Thanks. I didn’t know about the some-> macros. They do seem very useful in contexts similar to mine.

However, the issue is that I’d like to return details of the error, instead of just nil. There’s a couple of other answers in this post that provide the exact solution I was looking for, especially the detailed implementation by @joinr.

Another library I stumbled upon after reading these answers is GitHub - adambard/failjure: Monadic error utilities for general use in Clojure(script) projects which provides a solution similar to @joinr.

I think the behavior you mentioned is default in 1 of 2 cases:

  • The process_data_N functions return nil if the input is nil
  • The threading macro is replaced by the some->/some->> variants

Thank you for this detailed walkthrough. It’s exactly what I was looking for and it’s very helpful to see how something like this can be implemented.

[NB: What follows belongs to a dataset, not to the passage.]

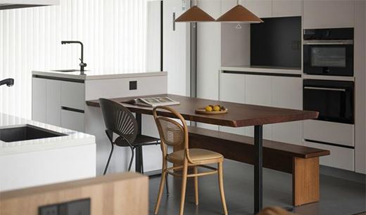 餐廳與開放式廚房在同一個空間,地面以灰色瓷磚做設計,搭配原木長方形餐桌面,一側是相對兩色的餐椅,另一側則是長面凳,餐桌旁設計導臺,兩側分別做設計,一側是廚房,另一側則是櫥柜與烤箱的搭配,讓屋主在有限的空間做無限的規劃。

I had 1 question about your code which I’m hoping you can help with. Why did we use new gemsyms for the pred and handler? Could we not just use the passed values directly?

It allows you to supply vars or forms. If we have a form, like (fn [blah] true), we don’t want to eval it or effectively inline the form everywhere the function is meant to be invoked. So we have a lexically scoped gensym for pred (or handler) and bind that to the spliced pred/handler argument in the macro expansion. Then we just use the gensym throughout when we want to apply the function in subsequent expressions.

If you decided to not allow arbitrary forms (which should eval to functions), then yes, you could restrict the macro to using only symbols that must resolve to a function at evaluation time. Keywords could work as well. These kinds of choices come up in macro writing (e.g what to restrict the input to, e.g. defining the semantics of your little language extension). I opted to allow users to pass in arbitrary forms (as in my example).

No, it is the default for any thrown error:

(defn process_data_1
  [data]
  (throw (ex-info "msg" {})))

(-> data
     process_data_1
     process_data_2
     ; more process data functions)

This will short-circuit when the error is thrown. The short-circuiting will bubble up the entire call stack all the way to the top. This is the default error mechanism, any thrown error short-circuits the entire call stack chain.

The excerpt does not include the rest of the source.